What is the (slight) difference on the relaxing atomic rules?

Question 1

It can be a bit confusing to call myatomic.load(std::memory_order_acquire); a "relaxed atomic" load, since there is a std::memory_order_relaxed. Some people describe any order weaker than seq_cst as "relaxed".

You're right to note that sequentially-consistent load is an acquire load, but it has an additional requirement: sequentially-consistent load is also a part of the total global order for all seq_cst operations.

It comes into play when you're dealing with more than one atomic variable: individual modification orders of two atomics may appear in different relative order to different threads, unless sequential consistency is imposed.

Question 2

If you "relax" some ordering requirements of seq_cst, there's mo_acq_rel (and pure acquire and pure release).

Even more relaxed than that is mo_relaxed; no ordering wrt. anything else, just atomicity¹.

When compiling for most ISAs, a seq_cst load can use the same asm as acquire loads; we choose to make stores expensive, not loads. C/C++11 mappings to processors for ISAs including x86, POWER, ARMv7, ARMv8 includes 2 alternatives for some ISAs. To be compatible with each other, compilers for the same platform have to pick the same strategy, otherwise a seq_cst store in one function could maybe reorder with a seq_cst load in another function.

On a typical CPU where the memory model includes a store buffer and coherent cache, if you store and then reload in the same thread, seq_cst requires that you don't let the reload happen until after the store is globally visible to all threads. This means either a full barrier (including StoreLoad) after seq_cst stores or before seq_cst loads. Since cheap loads are more valuable than cheap stores, the usual mapping picks x86 mov + mfence for stores, for example. (Same applies for loading any other location; can't do that until the store commits. That's what Jeff Preshing's Memory Reordering Caught in the Act is about.)

This is a practical example of creating a global total order of operations on different variables that all threads can agree on. (x86 asm provides acquire for pure-load / release for pure-store, or seq_cst for lock-prefixed atomic RMW instructions. So Preshing's x86 asm example corresponds exactly to C++11 mo_release stores instead of mo_seq_cst.

ARMv8 / AArch64 is interesting: it has STLR (sequential-release store) and LDAR (acquire load). Instead of stalling all later loads until the store buffer drains and commits an STLR to L1d cache (global visibility), an implementation can be more efficient.

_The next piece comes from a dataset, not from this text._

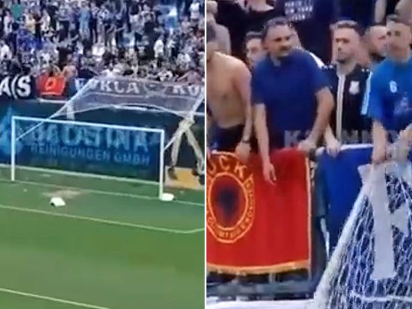 Rešili su da ne dozvole domaćim igračima da izvedu jedanaesterac, a to su pokušali da urade tako što su dohvatili mrežu gola i pokidali je! Huligani iza gola imali su brojne transparente, a vrlo jasno se mogla videti zastava terorističke UČK (Oslobodilačka vojska Kosova) odmah iza gola. Pogledajte kako je to izgledalo na terenu:

Waiting for flush only has to happen before an LDAR executes; other loads can execute, and even later stores can commit to L1d. (A sequential-release is still at minimum a one-way barrier). To be this efficient / weak, LDAR has to probe the store buffer to check for STLR stores. But if you can do that, mo_seq_cst stores can be significantly cheaper than on x86 if you don't do a seq_cst load of anything else right away after that.

On most other ISAs, the only option to recover sequential consistency is a full barrier instruction (after a store). This blocks all later loads and stores from happening until after all previous stores commit to L1d cache. But that's not what ISO C++ seq_cst implies or requires, it's just that only AArch64 has the capability to be as strong as ISO C++ requires but no stronger.

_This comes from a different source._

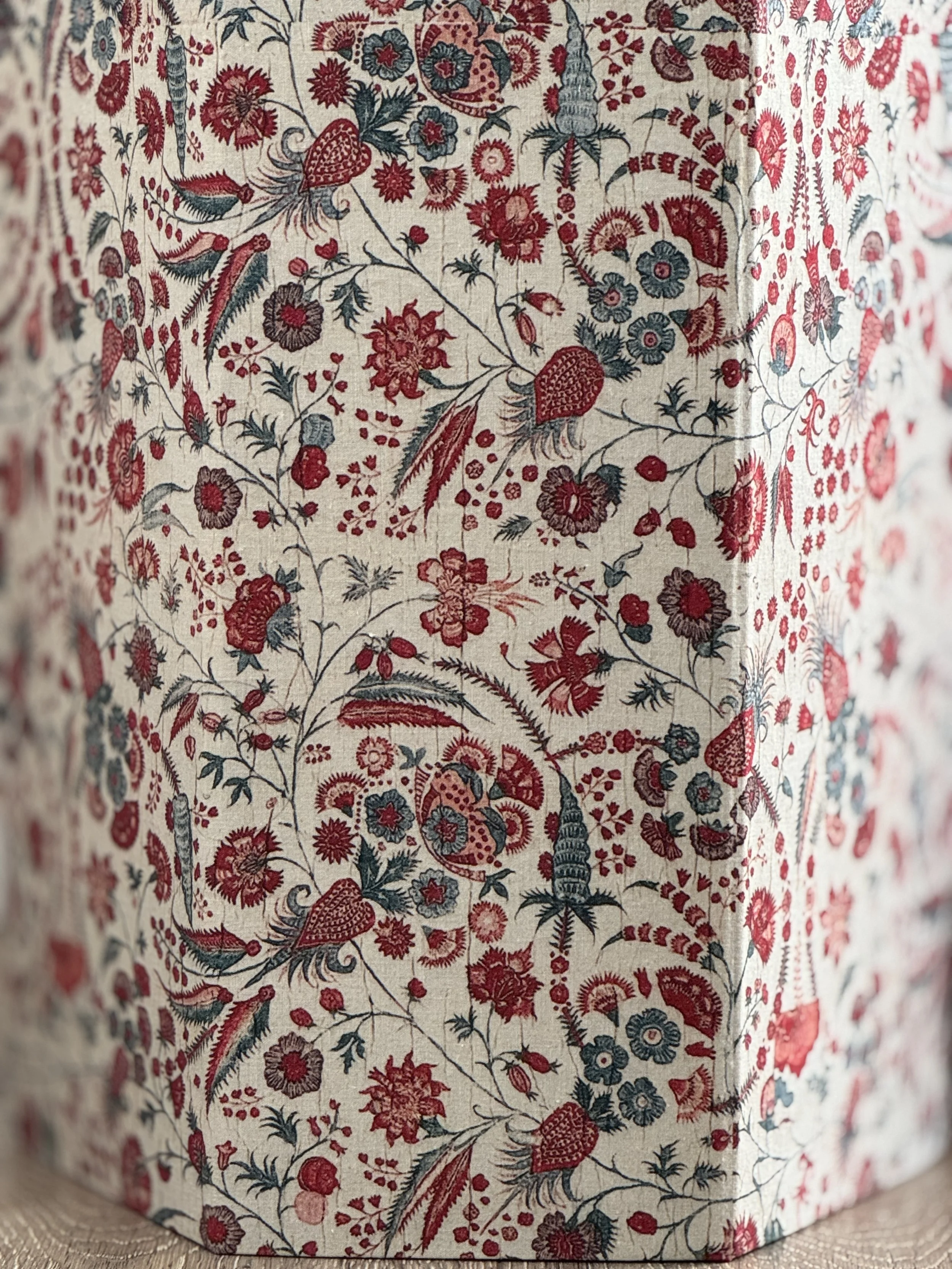 Made of hardboard with hand block printed cotton fabric, this crafted collapsible waste paper bin is a brilliant example of functional design

(Compiling for many other weakly-ordered ISAs needs to promote acq / release to significantly stronger than needed, e.g. ARMv7 needs a full barrier for release stores.)

Footnote 1: (Like what you get in old pre-C++11 code using roll-your-own atomics using volatile without any barriers).

Question 3

And if that is true, and the default seq_cst means both, doesn't that mean a full fence

It absolutely does not mean both or "full fence" whatever that is.

seq_cst implies

acquire only on load operations
and release only on store operations.

So it implies both only on the operations that combine both: the RMW atomic operations.

Sequential consistency also means that these operations are globally ordered, that is: all operations marked seq_cst of the whole program are run in some sequential order, that is an order compatible with the sequencing of operations in each thread. It says nothing about the order of other atomic operations with respect to these "sequential" operations.

The intent of a seq_cst operation on an atomic object is not to provide a "fence" that would make all other memory operations sequential.